Una norma che ha stravolto un settore
Approdata in Gazzetta Ufficiale lo scorso aprile, quella disposizione legislativa ha prodotto l'effetto immediato di gettare nel caos un comparto che, fino a quel momento, si era sviluppato in un quadro normativo incerto ma tollerato. Negli anni passati, infatti, i cosiddetti cannabis shop avevano proliferato in molte città italiane, basando la loro attività su una interpretazione della legge che consentiva la commercializzazione di varietà di cannabis sativa con tenore di Thc entro limiti ben precisi. Con l'introduzione del divieto assoluto sulle infiorescenze, indipendentemente dal loro effetto psicotropo, l'intero impianto è stato bruscamente smantellato, lasciando senza risposta legale quanti avevano investito in quel settore e aprendo la strada a una serie di sequestri e procedimenti giudiziari, come quello pugliese che ha portato al rinvio agli alti giudici.

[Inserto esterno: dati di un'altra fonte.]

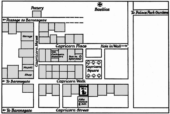 From Baronsgate the western entry into the Capricorns is by an arched passage too low overhead to admit any but pedestrian traffic. It leads into Capricorn Mews and, further along at right angles to the Mews, Capricorn Place. He had passed by it over and over again and would have done so now if it hadn’t been for a small, thin cat.
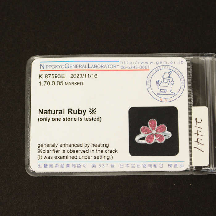 | 宝石 | ルビー《1.70ct》,ダイヤモンド《0.05ct》 |
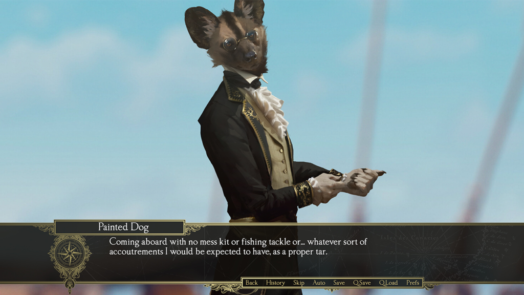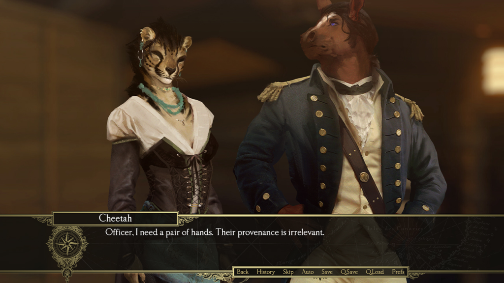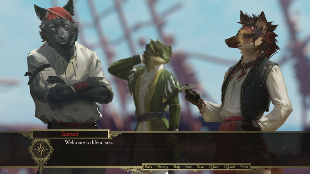 Conway is a laid-back, semi-linear, and (as best we could) historically accurate slice-of-life narrative. There aren’t any heroic conflicts, unfulfilled destiny, or daring exploits beneath a Jolly Roger. Instead, as you cruise the high seas from port to port, you’ll find yourself developing close relationships and friendships with a cast of distinctive people. So, have a seat, relax, and remember to take your vitamin C!
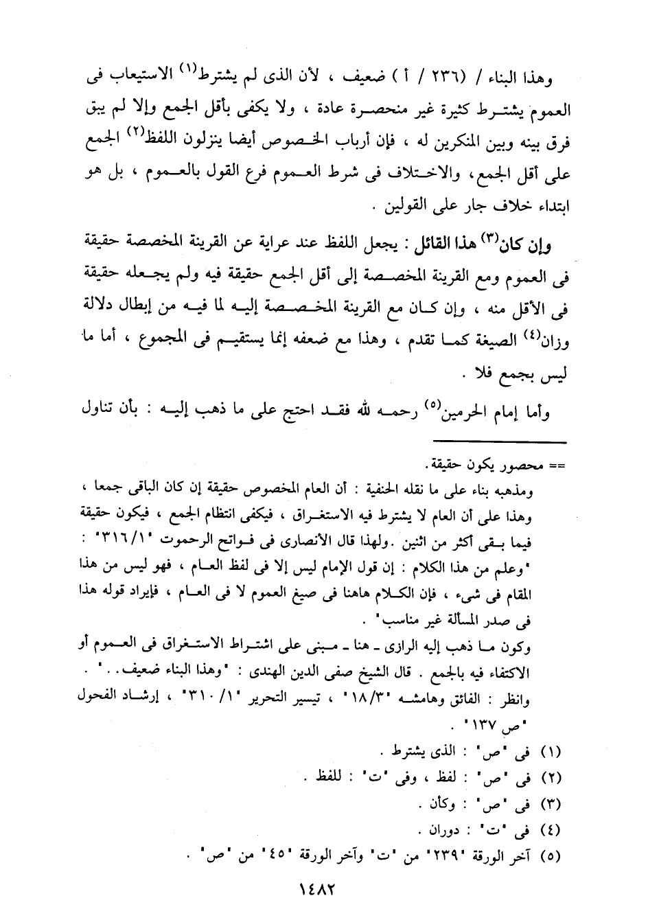 وهذا البناء/ (236/أ) ضعيف، لأن الذي لم يشترط الاستيعاب في العموم يشترط كثيرة غير منحصرة عادة، ولا يكفي بأقل الجمع وإلا لم يبق فرق بينه وبين المنكرين له، فإن أرباب الخصوص أيضا ينزلون اللفظ الجمع على أقل الجمع، والاختلاف في شرط العموم فرع القول بالعموم، بل هو ابتداء خلاف جار على القولين.
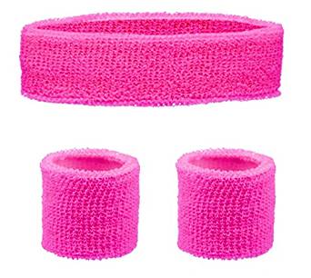 SWEATBAND & WRISTBANDS SET - NEON PINK 80S

Il paradosso politico e la proposta di monopolio
La vicenda assume contorni paradossali se si considera che, dalla stessa maggioranza che sostenne quel provvedimento – il cui relatore in Parlamento sottolineò con fermezza come “non si possa vendere droga come caramelle” – è recentemente emersa una proposta diametralmente opposta. Un esponente di spicco di Fratelli d'Italia ha infatti avanzato l'ipotesi di istituire un monopolio di Stato sulla vendita dei prodotti a base di cannabis light, una mossa che, di fatto, smantellerebbe proprio quell'articolo 18 aprendo a una regolamentazione di tipo fiscale e commerciale. Tale disegno, stando alle cronache, ha superato un primo esame a palazzo Chigi, configurando uno scenario in cui la legge attualmente sotto esame della Corte potrebbe essere non solo dichiarata illegittima, ma anche sostituita da un modello completamente diverso, gestito direttamente dallo Stato.
Le conseguenze dell'attesa sentenza
L'attesa della decisione della Consulta tiene quindi in sospeso non solo il destino di numerose aziende e di altrettanti procedimenti penali in corso, ma anche l'assetto futuro di una regolamentazione che appare sempre più complessa e controversa. La sentenza, qualunque essa sia, avrà il peso di definire i confini costituzionali dell'intervento legislativo in un campo, come quello della canapa a basso contenuto di principio attivo, che si colloca in una zona grigia tra la libera iniziativa economica, le politiche sulla sicurezza e la tutela della salute pubblica. La pronuncia segnerà una tappa fondamentale, chiarendo se il legislatore, nell'intento di reprimere qualsiasi rischio di elusione della normativa sulle sostanze stupefacenti, sia andato oltre i limiti imposti dalla Carta, sacrificando senza adeguata motivazione un intero settore economico legale.